# Priming problem



## oldyellr (Feb 16, 2013)

I have an old Duramark 5/23 snowblower with a Tecumseh engine. The last few years it's been very difficult to start, especially for the first time each winter. Last week was the first time this season, when we got a foot of snow. I swear I spent more time trying to start itthan it took to clear the driveway. My usual technique is to put it on full choke, pump the primer a zillion times and give it a few pulls. When I get a sputter, I turn the choke back half-way so it won't die. Usually it doesn't even fire, so I take out the plug, squirt in some ether or a slug of gasoline and repeat. This repeats over and over again until I get more and more sputters and then it eventually stays running. Even after that I have to let it warm up on half choke for a bit, or it dies as soon as I engage the drive or auger. The next time, say a day or two later, it starts just fine first try.

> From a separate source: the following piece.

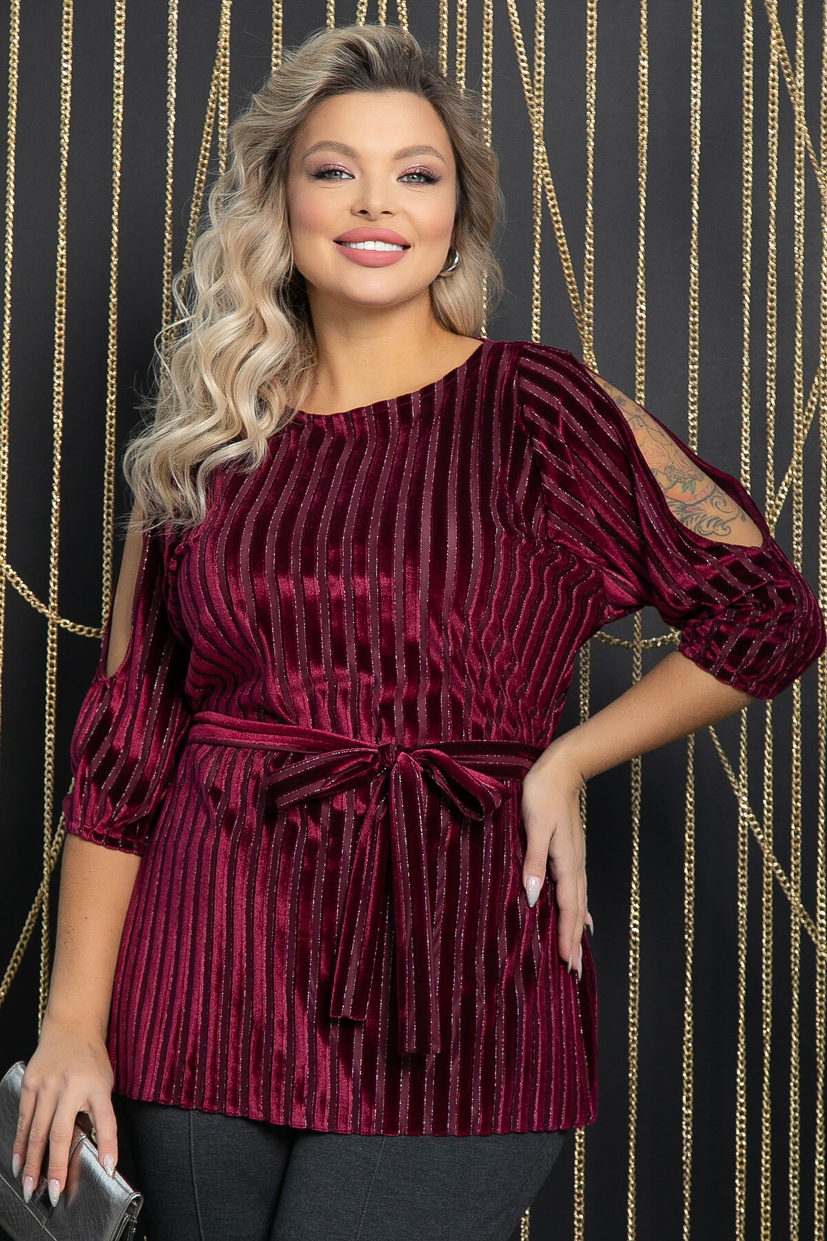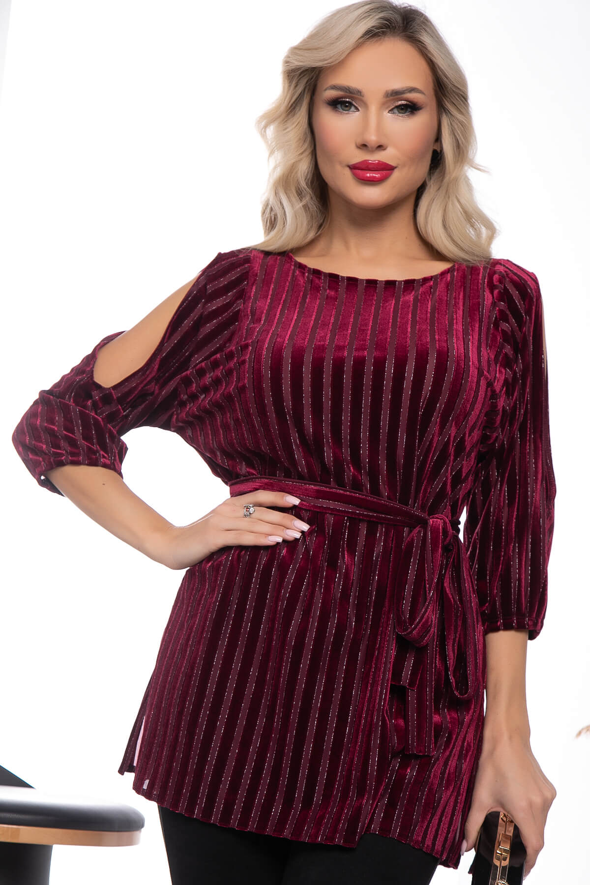 Туника для создания стильного праздничного образа. Такая модель будет интересно смотреться в сочетании с прилегающим низом. Украшением модели служат рукава с вырезами, которые и не открывают полностью руку, и слегка приоткрывают плечи. По бокам туники есть разрезы, в комплект входит пояс из основной ткани.

I've worked with small engines, motorcycles, cars, all my life and all I can figure is that it's not getting enough gas in the carb. At first I thought the rubber tubing from the primer button to the carb was split or leaking, but I've replaced it and that's not the case. I even ordered a new primer button in case the old one might be leaking, but what I received was a different one with a hole in it, so I haven't tried it. Near as I can figure out, the "primer" blows air into the float chamber, maybe jiggling the float, but it doesn't seem to be doing the job.

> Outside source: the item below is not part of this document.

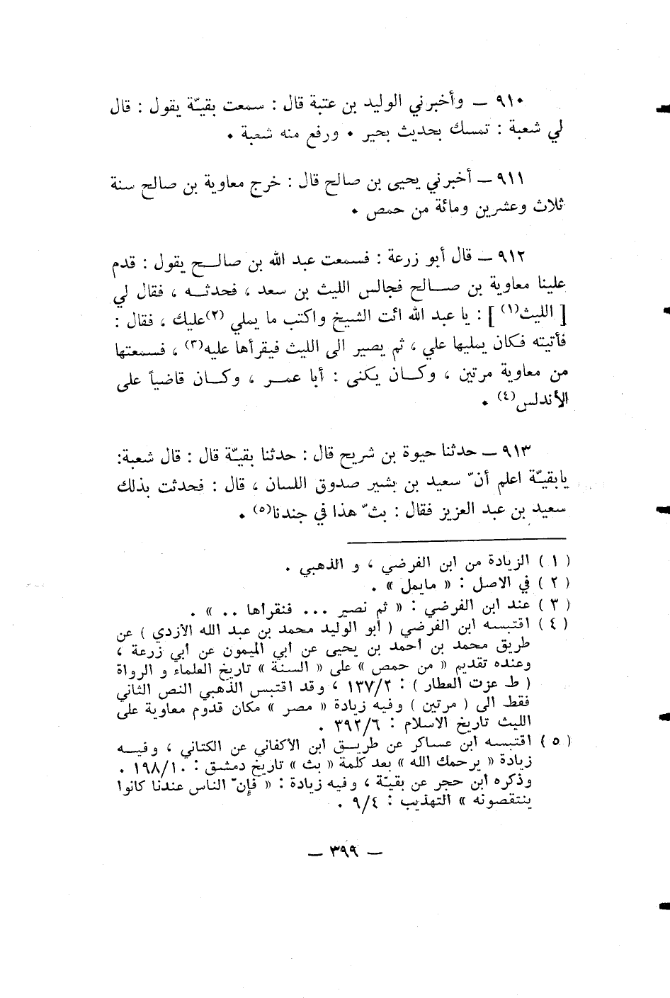 وَأَخْبَرَنِي الْوَلِيدُ بْنُ عُتْبَةَ قال: سَمِعْتُ بَقِيَّةَ يَقُولُ: قَالَ لِي شُعْبَةُ: تَمَسَّكْ بِحَدِيثِ بُحَيْرٍ. وَرَفَعَ مِنْهُ شُعْبَةَ.

Anyway, I thought I'd post here to see if any of you gurus have ideas. How are these primers supposed to work? Duramark is probably an old Canadian store brand, but I think it's a Noma and I've used Airens parts to maintain the drive. Here is what it looks like:



> http://i.imgur.com/xr84gul.jpg


----------



## Shryp (Jan 1, 2011)

I edited your post to change your picture to a link. It was way too big and made your post very difficult to read.

As for your problem, the primer pushes air into the carb which pressurizes it. The extra pressure then pushes fuel up the main jet. New primers will generally have a hole in the middle because you cover the hole with your finger when you push it, then the hole will vent it when you release and prevent it from pulling fuel back out of the carb.

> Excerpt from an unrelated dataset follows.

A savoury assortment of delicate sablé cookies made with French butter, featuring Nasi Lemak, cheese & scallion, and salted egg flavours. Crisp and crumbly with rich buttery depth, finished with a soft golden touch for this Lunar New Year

Have you tried cleaning the carb? Here are some videos of carb cleanings.
http://www.youtube.com/user/donyboy73/videos?query=tecumseh+carb

Usually the main problem is the 3 little tiny holes in the nut that holds the bowl on the carb. You should be able to get away with just dropping the bowl and cleaning that nut and washing out the crud in the bowl. Is the main jet adjusted properly? That is something that came up on another forum recently. Someone screwed it all the way in and closed the jet completely and it caused it not to prime at all.

Is this a problem you always have or just the first time every year? You could have bad gas or water or something contaminating the fuel system. If you look in the choke and push the primer you can tell if the primer is working by looking for fuel squirting up the center jet in the carb. If you get it to sputter a little bit you can usually push the primer when it starts to die to keep it going a little bit longer and maybe get it running on its own.


----------



## oldyellr (Feb 16, 2013)

Thanks for the tips and link. Yes, this happens at the beginning of the snowblowing season and sometimes continues happening each time I need to start it, but so far this winter it only happened the first time and it started first pull the next 2 times.

Yes, I've cleaned the carb from time to time in the summer, but It didn't seem to make much difference. There is no fuel shut-off, so I'm guessing the over the summer the gas in the float bowl keeps evaporating and more keeps coming in until those 3 little holes get gummed up. I'm wondering if using Stabil might help, or else draining the gas and running it dry at the end of winter. Maybe I should put in a fuel shut-off so I can run the carb dry without having to drain the tank.


----------



## Laker (Feb 13, 2013)

FWIW, I use Sta-bil Marine, and Chevron Techron all my small air cooled engines. (And my big one too  Machines are always ready to go. Gas (especially with ethanol) starts to degrade in just a couple of months.


----------



## Simplicity Solid 22 (Nov 27, 2012)

Shryp will have more of an answer for you but it sounds like you leave the gas in your engine over the summer...??? Definitely remove all gas from tank and carb during off season...run the engine even if you have emptied the tank it will run a little until fuel line and carb are empty. Then unscrew main jet from bottom middle of bowl and let remaining fuel drip out. Make sure to unscrew main jet screw carefully to not loose any pieces...spring etc.. Definitely add the Blue stabilizer(ethanol treatment) type or as others have mentioned I believe Seafoam does this as well along with it cleans your carb in the process.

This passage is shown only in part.